‘Discipline’ may be identified neither with an institution nor with an apparatus; it is a type of power, a modality for its exercise, comprising a whole set of instruments, techniques, procedures, levels of application, targets; it is a ‘physics’ or an ‘anatomy’ of power, a technology. And it may be taken over either by ‘specialized’ institutions (the penitentiaries or ‘houses of correction’ of the nineteenth century), or by institutions that use it as an essential instrument for a particular end (schools, hospitals), or by pre-existing authorities that find in it a means of reinforcing or reorganizing their internal mechanisms of power (one day we should show how intra-familial relations, essentially in the parents-children cell, have become ‘disciplined’, absorbing since the classical age external schemata, first educational and military, then medical, psychiatric, psychological, which have made the family the privileged locus of emergence for the disciplinary question of the normal and the abnormal); or by apparatuses that have made discipline their principle of internal functioning (the disciplinarization of the administrative apparatus from the Napoleonic period), or finally by state apparatuses whose major, if not exclusive, function is to assure that discipline reigns over society as a whole (the police).

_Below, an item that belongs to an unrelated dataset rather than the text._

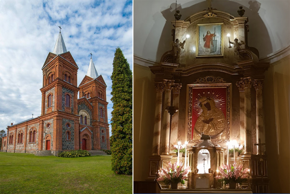 В центральном алтаре храма помещены изображение Остробрамской Богоматери, алтарная картина "Молитва Иисуса в Гефсиманском саду" и изображение Св. Лаврентия. Среди местных реликвий вам назовут и церковную книгу, с записью о крещении Болеслава Слосканса (Boļeslavs Sloskāns) – видного деятеля католической церкви, который может стать первым святым латышской национальности (процесс беатификации епископа Слосканса идёт с 2004 года).

…But the peculiarity of the disciplines is that they try to define in relation to the multiplicities a tactics of power that fulfils three criteria: firstly, to obtain the exercise of power at the lowest possible cost (economically, by the low expenditure it involves; politically, by its discretion, its low exteriorization, its relative invisibility, the little resistance it arouses); secondly, to bring the effects of this social power to their maximum intensity and to extend them as far as possible, without either failure or interval; thirdly, to link this ‘economic’ growth of power with the output of the apparatuses (educational, military, industrial or medical) within which it is exercised; in short, to increase both the docility and the utility of all the elements of the system.
The disciplines function increasingly as techniques for making useful individuals. Hence their emergence from a marginal position on the confines of society, and detachment from the forms of exclusion or expiation, confinement or retreat…Hence also their rooting in the most important, most central and most productive sectors of society. They become attached to some of the great essential functions: factory production, the transmission of knowledge, the diffusion of aptitudes and skills, the war-machine.